I tried my computer power supply with my Micro stripping cell and it works great. According to the sticker on the power supply, it should have a brown wire to supply 3.3 volts. I checked every wire that came out of the box and there is no brown wire and testing the wires with a voltmeter shows that none of them provides the 3.3 volts I would need to run a silver cell. I guess I'll have to find another power supply if I ever build a silver cell.

I did make up a pattern to cut out a tiny cell basket to use in the same type of glass candle holder that I used on my Micro stripping cell. The assembled basket shown is just stapled paper to test the size. I'm not sure if the seams should be inside or outside the bag. Probably doesn't matter if you plan to burn it when done to recover any values it contains.

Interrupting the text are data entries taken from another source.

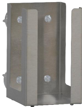
Model #: LID-301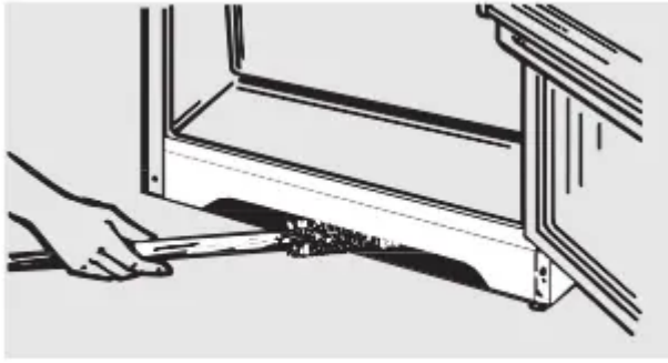
Cleaning the condenser coils.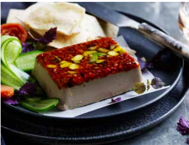
Pistachio & Brandy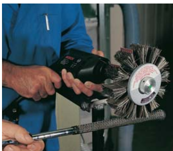
Model 6P1 used on rubber golf club handle.

Sanderheads are available in three sizes with various cutting widths of abrasive. The 8P models are normally driven by a bench or floor type spindle stand whilst the lightweight 6P1 and 6P2 models can be used with hand held portable and flexible power tools. The Sanderhead is constructed as a quality product and all parts which are subject to abrasive wear can easily be replaced.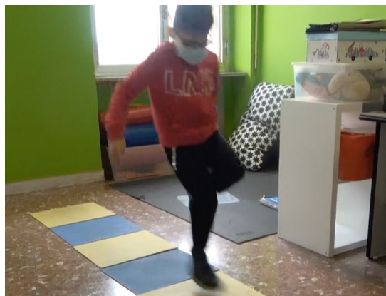
VIDEO. 1. The patient at the age of 7 years while walking, running, standing, and jumping on one foot. [Color figure can be viewed at wileyonlinelibrary.com ] Video content can be viewed at https://onlinelibrary.wiley.com/doi/10.1002/mds.29585

We report on an 8-year-old boy with subtle neurological signs, including generalized tonic-clonic seizures during fever, mild language impairment, dystonic postures of lower limbs during walking, and occasional tongue dyskinetic movements (see Data S1 for more details and Video 1). A next generation sequencing-based epilepsy panel revealed a de novo NM_020988.3:c.163_164del variant in GNAO1 . No additional candidate variants were identified. Reverse transcription polymerase chain reaction showed an approximately 50% decrease in the expression of the endogenous GNAO1 gene in cells from the affected child compared with cells from the unaffected father (Figs. 1A and S2), suggesting nonsense-mediated mRNA decay (NMD). If translated, the c.163_164delAT allele was predicted to generate a truncated protein (p.Ile55Hisfs*3). As expected, Western blotting performed in transiently transfected HEK293T cells revealed the lack of the truncated form of G \alpha (Fig. 1B), which was not restored by MG132 or

Keep in mind that I am still in the experimenting mode so all of my refining so far has been very small scale. I don't have a good, warm place to do the refining yet and don't have a lot of material to process. Now I'm trying to decide on a material for this tiny bag. I could just wait until I make it to a fabric store and buy a yard of muslin cloth or get a vacuum cleaner bag but I'd like to use something I already have (FREE) if possible. Would regular cotton cloth, like an old sheet or pillow case, work for the bag? What about a couple coffee filters sewed up? Remember, this is just a tiny scale test and I'm only hoping to refine a few ounces or so of silver in it. I still don't have the good nitric acid either and don't know if I will eventually buy a little bit of it or figure out how to distil my own. Buying it pre-made would be faster and safer but if I could make my own, I should be able to make it whenever I need some fairly cheap once I was set up. Right now, I just want to get the cell figured out and worry about the electrolyte latter.